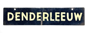 BeschrijvingBlauw bord met witte letters. Werd aan een treinaankondiger gehangen om treinen richting Denderleeuw aan te kondigen.
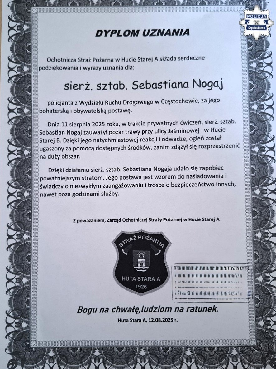 Zarząd Ochotniczej Straży Pożarnej w Hucie Starej B przekazał dyplom uznania dla częstochowskiego policjanta sierż. szt. Sebastiana Nogaja za jego „bohaterską i obywatelską postawę”.Mundurowy w czasie wieczornego spaceru przy ulicy Jaśminowej w Hucie Starej B, w oddali zauważył płomienie ognia, które z każdą chwilą stawały się coraz większe.
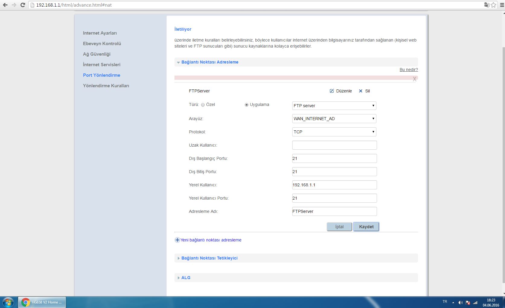 Arkadaşlar modemim huawei hg658 v2 modemime usb flash bellek bağlayıpftp://192.168.1.1 adresinden flas belleğimdeki dosyalara ulaşabiliyorum ancak local ağ dışında uzaktanftp://ipadresim şeklinde bağlanamıyorum, biraz araştırdım 21 port açılması gerekiyormuş ancak ben bu portu açmak istediğimde foto da görüldüğü gibi kaydedemiyorum bu konuda yardıma ihtiyacım var < Resime gitmek için tıklayın > |
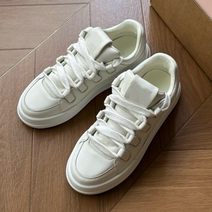 莞产!Miu小白鞋女厚底真皮系带增高圆头舒适休闲百搭简约运动鞋
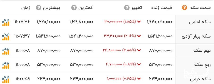 قیمت سکه بهار آزادی نیز با سه میلیون و ۳۰۰ هزارتومان کاهش به ۱۵۴ میلیون و ۴۱۶ هزارتومان رسید.
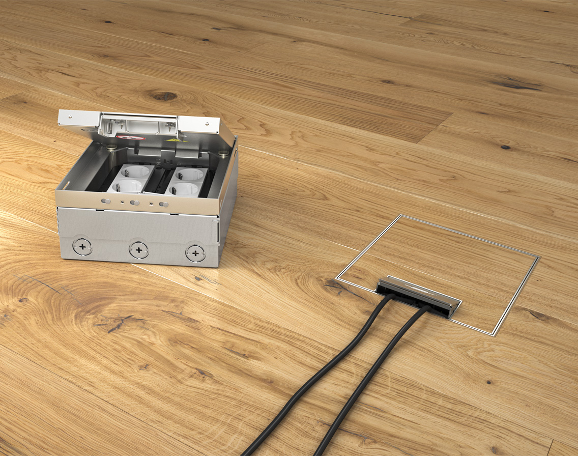 Com uma amplitude de nivelamento de até 30 mm, a UDHOME4 pode ser ajustada ao nível do pavimento acabado sem dificuldades. Mesmo durante a instalação dos aparelhos, a caixa de pavimento mostra-se flexível: pode ser equipada de forma flexível com 4 aparelhos com anel de suporte ou 6 aparelhagens Modul 45® com ligações para energia, dados e multimédia.
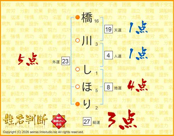 橋川しほりさんの外運は23画の5点!
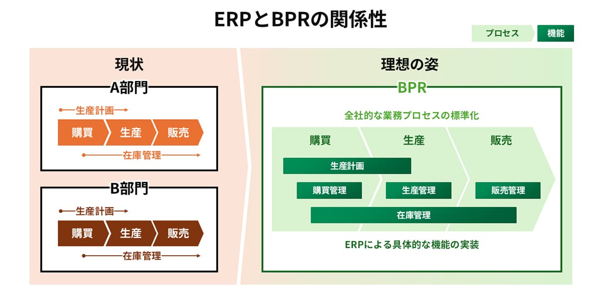 BPRで描いた改革後の業務プロセスを実現するための具体的な実施手段がERPであり、ERPはその基盤として機能します。
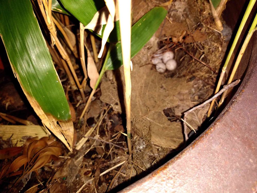 ツバメの巣は屋根の下とか玄関とかをイメージしますが、アメリカでは鉢植えの中ですか〜
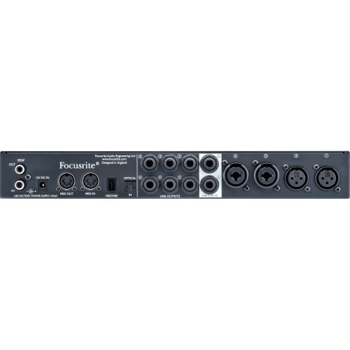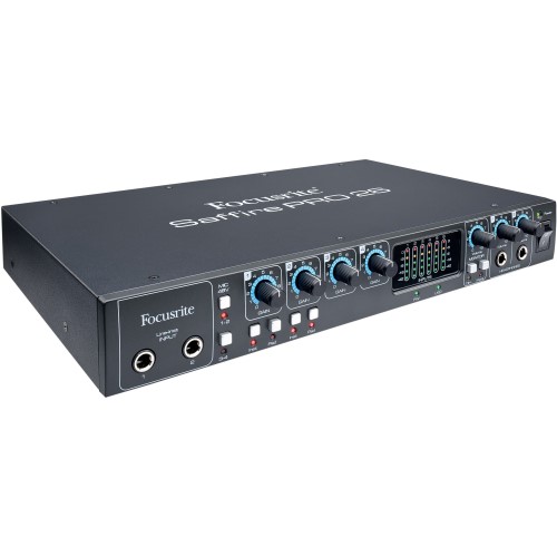 Focusrite Saffire Pro 26 Das Focusrite Saffire Pro 26 ist ein hochwertiges Audio-Interface für professionelle Studioanwendungen. Es kann mittels Fire-Wire und auch über die Thunderbolt-Schnittstelle Ihrem Computer kommunizieren. Die 18 Eingänge und 8 Ausgänge wandelen die Signale in höchster Focusrite-Qualität, die vier prämierten und hochwertigen Focusrite Mikrofon-Preamps sind der ideale Partner für Ihre Vocal-Aufnahmen. Die interne Signalverarbeitung ist hochauflösend bei 24Bit/96kHz. Zusätzlich ermöglicht die mitgelieferte Saffire MixControl-Software ein flexibles Routing aller Kanäle und die stabilen Treiber sorgen für einen zuverlässigen und störungsfreien Betrieb. Saffire PRO 26 beinhaltet ein umfangreiches Software-Paket: Neben Ableton Live Lite befinden sich auch die professionellen Focusrite Midnight- und Scarlett-Plug-Suite, Novations virtueller Synthesizer BassStation und 1 GB Samples von Loopmasters im Lieferumfang. Features:
• • • • •
Set the records down again exactly, with no pictures.

§ Written solution:
 BeschrijvingBlauw bord met witte letters. Werd aan een treinaankondiger gehangen om treinen richting Denderleeuw aan te kondigen.
 Zarząd Ochotniczej Straży Pożarnej w Hucie Starej B przekazał dyplom uznania dla częstochowskiego policjanta sierż. szt. Sebastiana Nogaja za jego „bohaterską i obywatelską postawę”.Mundurowy w czasie wieczornego spaceru przy ulicy Jaśminowej w Hucie Starej B, w oddali zauważył płomienie ognia, które z każdą chwilą stawały się coraz większe.
 Arkadaşlar modemim huawei hg658 v2 modemime usb flash bellek bağlayıpftp://192.168.1.1 adresinden flas belleğimdeki dosyalara ulaşabiliyorum ancak local ağ dışında uzaktanftp://ipadresim şeklinde bağlanamıyorum, biraz araştırdım 21 port açılması gerekiyormuş ancak ben bu portu açmak istediğimde foto da görüldüğü gibi kaydedemiyorum bu konuda yardıma ihtiyacım var < Resime gitmek için tıklayın > |
 莞产!Miu小白鞋女厚底真皮系带增高圆头舒适休闲百搭简约运动鞋
 قیمت سکه بهار آزادی نیز با سه میلیون و ۳۰۰ هزارتومان کاهش به ۱۵۴ میلیون و ۴۱۶ هزارتومان رسید.
 Com uma amplitude de nivelamento de até 30 mm, a UDHOME4 pode ser ajustada ao nível do pavimento acabado sem dificuldades. Mesmo durante a instalação dos aparelhos, a caixa de pavimento mostra-se flexível: pode ser equipada de forma flexível com 4 aparelhos com anel de suporte ou 6 aparelhagens Modul 45® com ligações para energia, dados e multimédia.
 橋川しほりさんの外運は23画の5点!
 BPRで描いた改革後の業務プロセスを実現するための具体的な実施手段がERPであり、ERPはその基盤として機能します。
 ツバメの巣は屋根の下とか玄関とかをイメージしますが、アメリカでは鉢植えの中ですか〜
 Focusrite Saffire Pro 26 Das Focusrite Saffire Pro 26 ist ein hochwertiges Audio-Interface für professionelle Studioanwendungen. Es kann mittels Fire-Wire und auch über die Thunderbolt-Schnittstelle Ihrem Computer kommunizieren. Die 18 Eingänge und 8 Ausgänge wandelen die Signale in höchster Focusrite-Qualität, die vier prämierten und hochwertigen Focusrite Mikrofon-Preamps sind der ideale Partner für Ihre Vocal-Aufnahmen. Die interne Signalverarbeitung ist hochauflösend bei 24Bit/96kHz. Zusätzlich ermöglicht die mitgelieferte Saffire MixControl-Software ein flexibles Routing aller Kanäle und die stabilen Treiber sorgen für einen zuverlässigen und störungsfreien Betrieb. Saffire PRO 26 beinhaltet ein umfangreiches Software-Paket: Neben Ableton Live Lite befinden sich auch die professionellen Focusrite Midnight- und Scarlett-Plug-Suite, Novations virtueller Synthesizer BassStation und 1 GB Samples von Loopmasters im Lieferumfang. Features:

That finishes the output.